_To do_: Every line from the first one in the data below through the line holding "Рис. 6. Конюшня." is to be written out exactly, with the pictures omitted.

_Input for this task_:
* * *

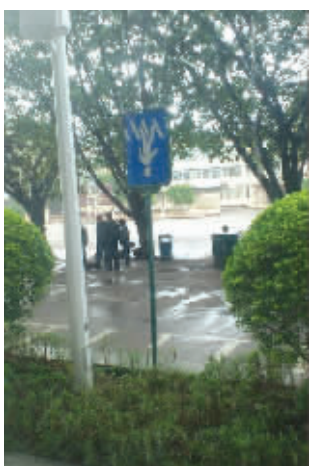
这走路技术,好像难了点
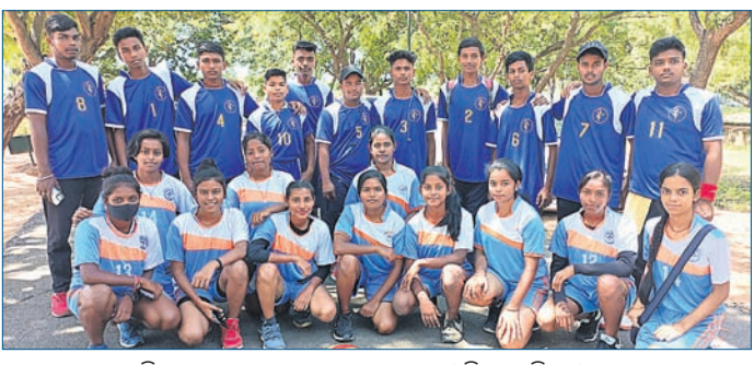
ଜାତୀୟ କୁଚିୟର ଷ୍ଟ୍ରୋ ବଲ୍‌ରେ ଭାଗ ନେଇଥିବା ଓଡ଼ିଶା ବାଳିକା ଓ ବାଳକ ଦଳ।

ସମାନ ସଂଖ୍ୟକ ମ୍ୟାଚ ଖେଳିଥିବା ହରଭଜନ ସିଂଙ୍କ ମଣିପାଲ ଟାଇଗର୍ସ୍ ଏଯାଏଁ ଗୋଟିଏ ବି ବିଜୟ ହାସଲ କରିପାରିନାହିଁ। ଇଣ୍ଡିଆ କ୍ୟାପିଟାଲ୍ସ୍ ପ୍ରଥମ ବିଜୟ ଲିଜେଣ୍ଡ୍ ଲିଗ୍ କ୍ରିକେଟ ଟି୨୦ ଟୁର୍ନାମେଣ୍ଟରେ ରୁଧିରା ପ୍ରଥମ ବିଜୟ ହାସଲ କରିଛି ଗୋଟିଏ ଗମ୍ଭୀରଙ୍କ ଇଣ୍ଡିଆ କ୍ୟାପିଟାଲ୍ସ୍। ଇରଫାନ ପଠାନଙ୍କ ନେତୃତ୍ୱାଧୀନ ଭିଲ୍‌ଫୋରା କିଙ୍ଗ୍ସ୍ ୬୮ ରନରେ ପରାସ୍ତ କରି ଦଳ ପଏଣ୍ଟ୍ ଟେବଲ୍‌ରେ ତୃତୀୟ ସ୍ଥାନକୁ ଉନ୍ନତ ହୋଇଛି।
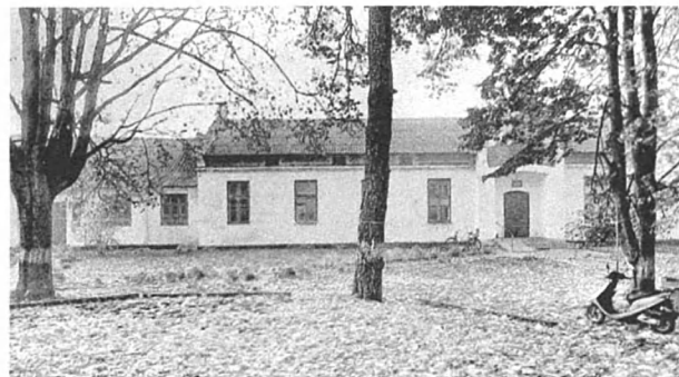
Рис. 6. Конюшня. Сучасний стан. 2018 р. Fig. 6. Stable. Current state. 2018.

Зусилля з формування масштабної рекреаційної зони не були марними. Ефектна зміна пейзажних картин відчувалась під час прогулянок парком, катання на човнах та відвідування альтанки на невеликому штучному острові, сформованому в центрі одного зі ставків 7 . На території було висаджено понад сто видів деревних насаджень, частина з яких були екзотичними для Волині: Веймутова сосна, модрини, кедрі 8 , а також дуби, ялини, канадські клени, ясени.
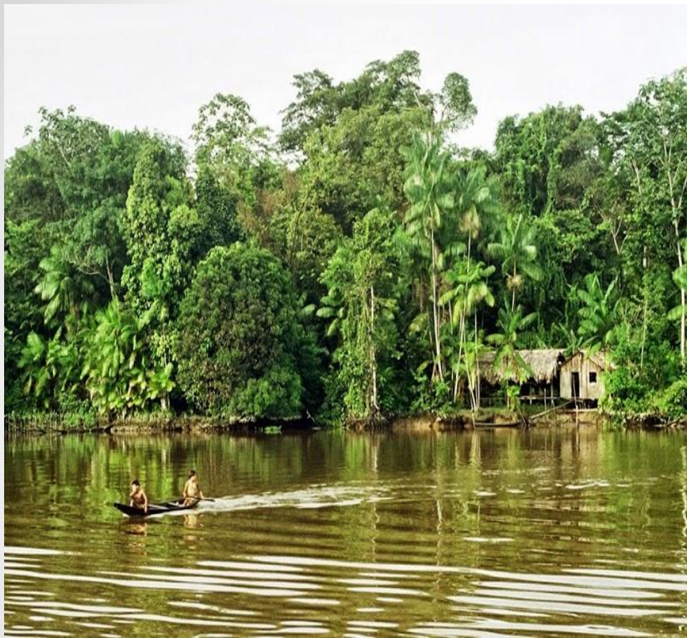
● Типичный дом в Амазонии.
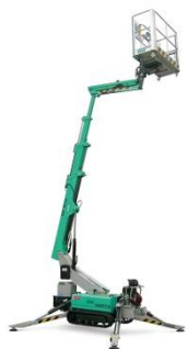
IM R 13
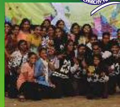
5- St Thomas Cathedral Kalyan (W)
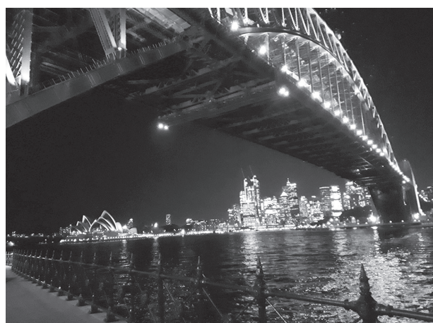
図5 ハーバーブリッジとオペラハウス（夜間）
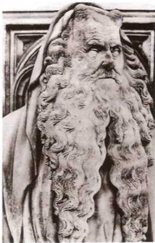
Пророк Моисей. Колодец пророков. 1394–1406. Монастырь Шанмоль, Дижон (Франция)
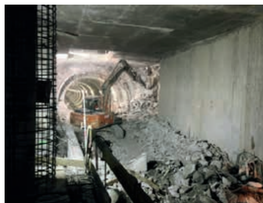
Ryc. 2. Plac budowy II linii metra w Warszawie (z lewej strony TBM Maria, z prawej wydrążona linia metra), fot. archiwum WGiG AGH

o czym świadczą liczba i zasięg realizowanych inwestycji. Jeszcze w tym roku ma zostać uruchomiony ok. sześciokilometrowy centralny odcinek II linii metra w Warszawie, którego fragment będzie 7–8 m pod dnem Wisły. Do drążenia podwójnych korytarzy dla poziomej kolejki użyto czterech specjalistycznych tarcz TBM. W Gdańsku powstaje długi na 1377,5 m tunel pod Martwą Wisłą w ramach budowy Trasy Słowackiego, który w najniższym położonym miejscu sięga 35,2013 m poniżej lustra wody. Obie nitki pierwszej w Polsce podwodnej przeprawy dla kierowców zostały już wydrążone i teraz prowadzone są pozostałe prace. Ich zakończenie planowane jest na 2015 r. Także w przyszłym roku do użytku oddany zostanie półtorakilometrowy tunel, który ma doprowadzać pociągi do podziemnego dworca Łódź Fabryczna. To obecnie największa inwestycja kolejowa realizowana w naszym kraju.
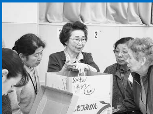
▲ダンボール箱を使った生ごみ堆肥化(たいひか)の講習会が手稲老人福祉センターで開催されました(3月24日)。

* * *

_Answer to the problem_:
这走路技术,好像难了点
ଜାତୀୟ କୁଚିୟର ଷ୍ଟ୍ରୋ ବଲ୍‌ରେ ଭାଗ ନେଇଥିବା ଓଡ଼ିଶା ବାଳିକା ଓ ବାଳକ ଦଳ।

ସମାନ ସଂଖ୍ୟକ ମ୍ୟାଚ ଖେଳିଥିବା ହରଭଜନ ସିଂଙ୍କ ମଣିପାଲ ଟାଇଗର୍ସ୍ ଏଯାଏଁ ଗୋଟିଏ ବି ବିଜୟ ହାସଲ କରିପାରିନାହିଁ। ଇଣ୍ଡିଆ କ୍ୟାପିଟାଲ୍ସ୍ ପ୍ରଥମ ବିଜୟ ଲିଜେଣ୍ଡ୍ ଲିଗ୍ କ୍ରିକେଟ ଟି୨୦ ଟୁର୍ନାମେଣ୍ଟରେ ରୁଧିରା ପ୍ରଥମ ବିଜୟ ହାସଲ କରିଛି ଗୋଟିଏ ଗମ୍ଭୀରଙ୍କ ଇଣ୍ଡିଆ କ୍ୟାପିଟାଲ୍ସ୍। ଇରଫାନ ପଠାନଙ୍କ ନେତୃତ୍ୱାଧୀନ ଭିଲ୍‌ଫୋରା କିଙ୍ଗ୍ସ୍ ୬୮ ରନରେ ପରାସ୍ତ କରି ଦଳ ପଏଣ୍ଟ୍ ଟେବଲ୍‌ରେ ତୃତୀୟ ସ୍ଥାନକୁ ଉନ୍ନତ ହୋଇଛି।
Рис. 6. Конюшня. Сучасний стан. 2018 р. Fig. 6. Stable. Current state. 2018.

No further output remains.